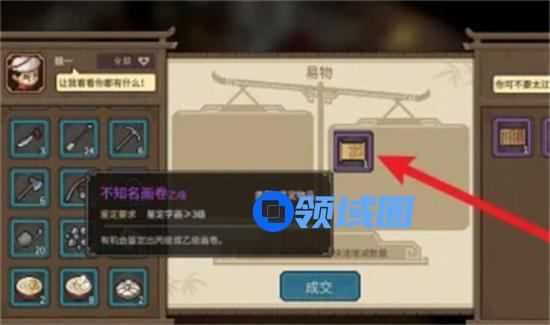 2.途径二:【易物】,部分NPC身上会刷出不知名画卷,玩家可以使用等价的道具来进行易物,从而获得不知名画卷。
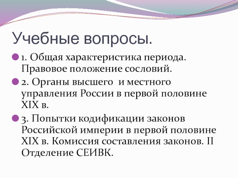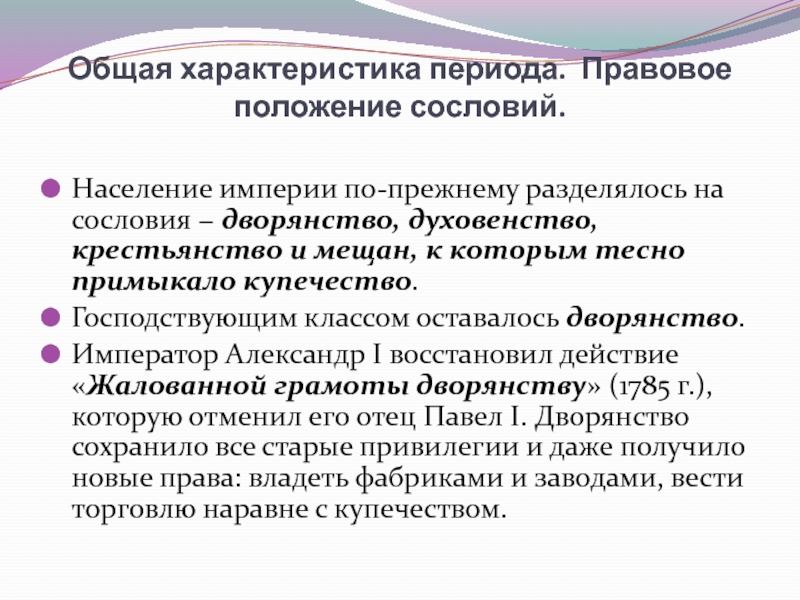 Слайд 3Общая характеристика периода. Правовое положение сословий.
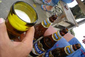 さて、到着して早々、サンドロの知り合いの人たちが集まってきたので、無事到着祝いも兼ねて、ビールで乾杯。こちらのビールの飲み方は面白く、一つのコップとビール瓶を順々に渡していく。渡された人は自分の好きなだけコップに次飲みほし、次の人に回す。これ、皆に回るから、一人の飲む量は少ないんじゃないと思うでしょ。オイラも最初はそう思ってました。確かに、ビール瓶1本2本で終わるのなら、そうなんですが・・・空いたら次々にビール瓶が来るのです。永遠に回り続けるコップとビール・・・気づいた時にはシコタマ飲みすぎていて、足元フラフラ。宿の部屋でちょっと休んできますと言い残しつつ部屋に戻ったのはいいが、疲れと酔いで、いつの間にか寝てしまっていたのでした。
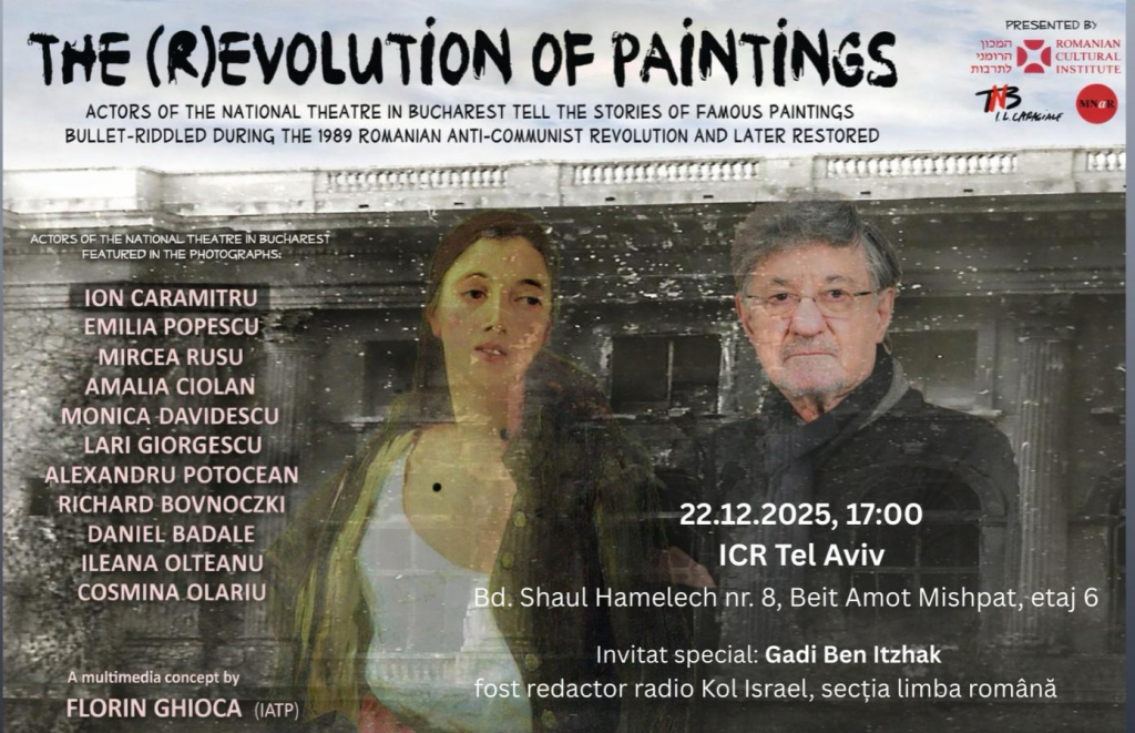 Institutul Cultural Român de la Tel Aviv organizează, în data de 22 decembrie 2025, de la ora  17:00, un eveniment dedicat marcării Revoluției române din 1989, prilejuit de prezentarea expoziției multimedia „(R)Evoluția tablourilor”.  Evenimentul va avea loc la sediul ICR Tel Aviv și va include proiecția materialelor video care însoțesc expoziția, dedicate unor lucrări de patrimoniu din colecția Muzeului Național de Artă al României, semnate de pictori precum Ștefan Luchian, Theodor Aman, Ioan Andreescu, Sava Henția și G.D. Mirea, afectate de violențele din decembrie 1989 și ulterior restaurate.
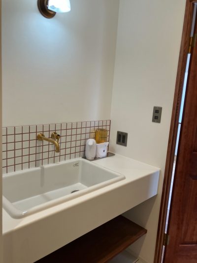 洗面台は、ホワイトでまとめクリーンな印象に。
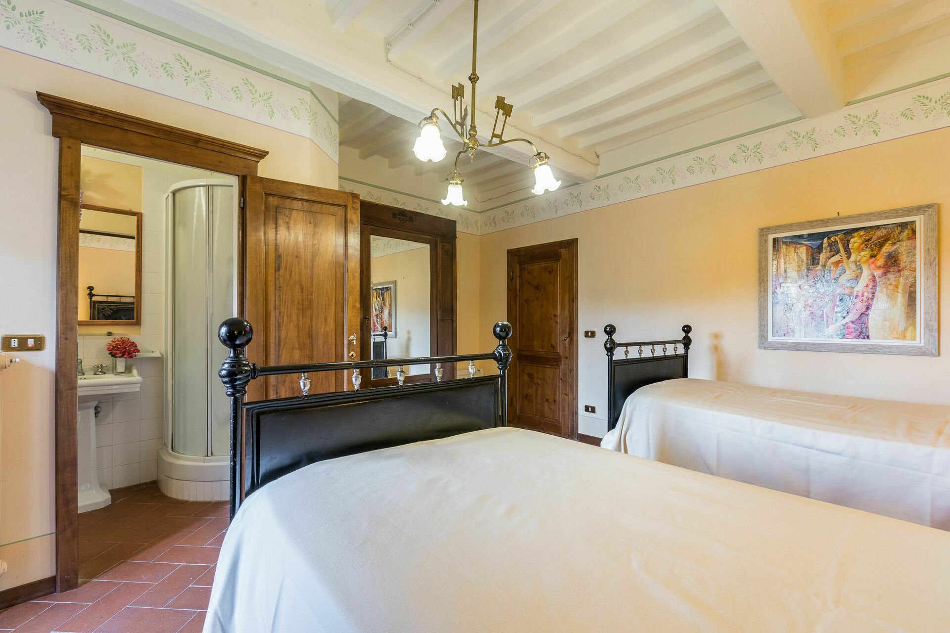 Bedroom + Ensuite Bathroom 4: two single beds, WIFI internet, air conditioning, mosquito net, basin, toilet, bidet, shower, hairdryer.
------------------------------------------------------------
Task goal
From the top of the listing above, repeat each line exactly until you reach the line containing "さて、到着して早々、サンドロ", and repeat that one too. Leave the pictures out.

Result
 2.途径二:【易物】,部分NPC身上会刷出不知名画卷,玩家可以使用等价的道具来进行易物,从而获得不知名画卷。
 Слайд 3Общая характеристика периода. Правовое положение сословий.
 さて、到着して早々、サンドロの知り合いの人たちが集まってきたので、無事到着祝いも兼ねて、ビールで乾杯。こちらのビールの飲み方は面白く、一つのコップとビール瓶を順々に渡していく。渡された人は自分の好きなだけコップに次飲みほし、次の人に回す。これ、皆に回るから、一人の飲む量は少ないんじゃないと思うでしょ。オイラも最初はそう思ってました。確かに、ビール瓶1本2本で終わるのなら、そうなんですが・・・空いたら次々にビール瓶が来るのです。永遠に回り続けるコップとビール・・・気づいた時にはシコタマ飲みすぎていて、足元フラフラ。宿の部屋でちょっと休んできますと言い残しつつ部屋に戻ったのはいいが、疲れと酔いで、いつの間にか寝てしまっていたのでした。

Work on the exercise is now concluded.